I guess what I’m saying is that people change and I’m not going to say who is a “real” bisexual or a “real” man or whatever and who is not, and even if they change down the road, that doesn’t invalidate their identities that they had before.
That said, girls who identify as bi and break lesbians’ hearts piss me off, and nobody should use another person to help figure out “who they are.” That’s just shitty, period.
November 14, 2008 at 1:28 pm
@truculentandunreliable: Aw, I think queer suits you just fine, sugar!
November 14, 2008 at 1:29 pm
AYL–Thanks.
You can have frosting AND sprinkles. Yay!
November 14, 2008 at 1:30 pm
Re: “That said, girls who identify as bi and break lesbians’ hearts piss me off, and nobody should use another person to help figure out “who they are.” That’s just shitty, period.”
Exactement! You’re in the minority with the enlightened bisexual bunch, just like there exists a minority of enlightened dudes, buggered that most guys treat women like crap and make ’em all look bad!
November 14, 2008 at 1:34 pm
SBJ–Thanks. :) I think that K can sympathize–it’s a weird position to be in. I feel guilty sometimes because I pass as straight, and I also feel lucky that the person I love is the socially acceptable choice. (Though I also feel lucky that I met someone I love in the first place!).
November 14, 2008 at 1:35 pm
@truculent: right. that’s more of what i was getting at – how it bugs me how other’s can set up and decide what someone else’s sexuality is and that be it. that’s it, wash their hands of the situation and move on. it’s my sexuality and i will say if it is real or not, thank you.
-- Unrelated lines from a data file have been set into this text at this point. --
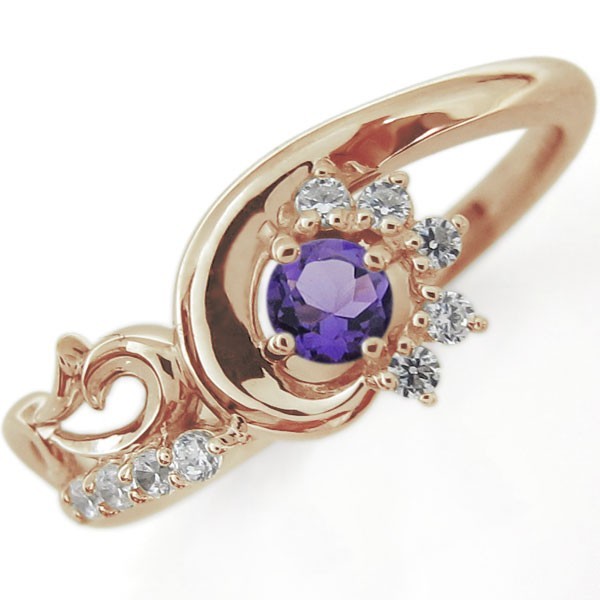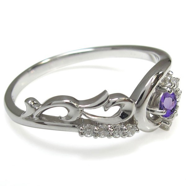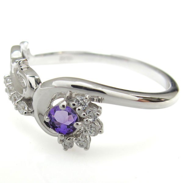 ■石名:主石 アメジスト(約 3.0mm/天然石使用)脇石 ダイヤモンド(9石合計で約 0.09ct/天然石使用)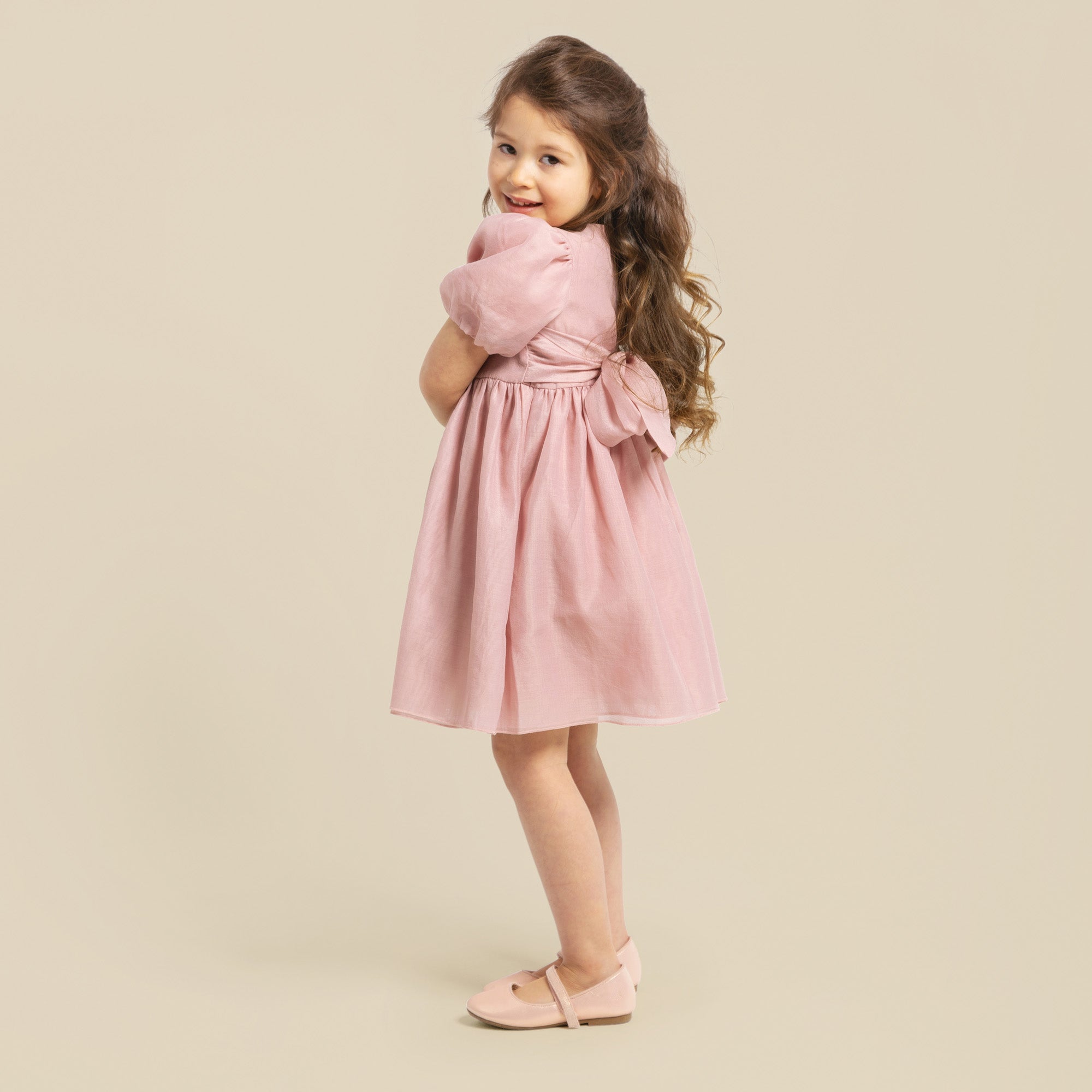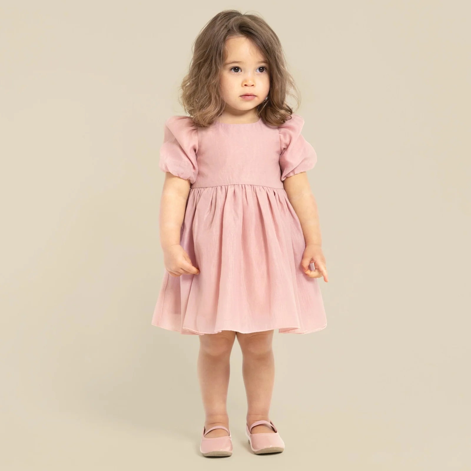 We are truly in love the Noa Puff Sleeve Bow Back Dress, featuring puff sleeves, sash that ties into a bow back and soft chiffon material. Ideal for your girl's next flower girl wedding dress, birthday party or special occasion!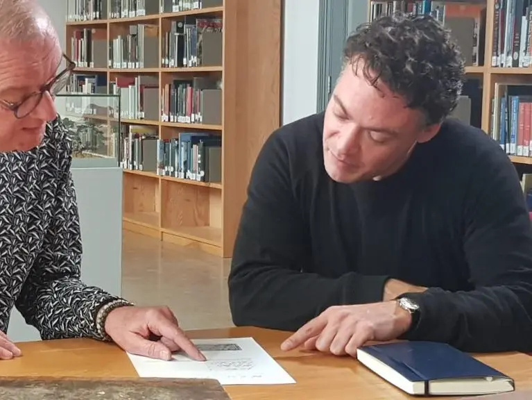 Fedja van Huêt in gesprek met Rob van Drie, Hoofd Expertise bij het CBG. Foto: NTR/Blazhoffski

like this jerk i was at a diner with with my friends months back. when he found out i was gay, he said, “nah, you’re just confused, that’s what happens in college.”
crickets.
someone hand me a gun.
and heart break and past experiences to the side, please. take each new person with a clean slate. that’s how i would want to be taken. it’s all ideal communism utopia whatever, but ah, i can dream, right?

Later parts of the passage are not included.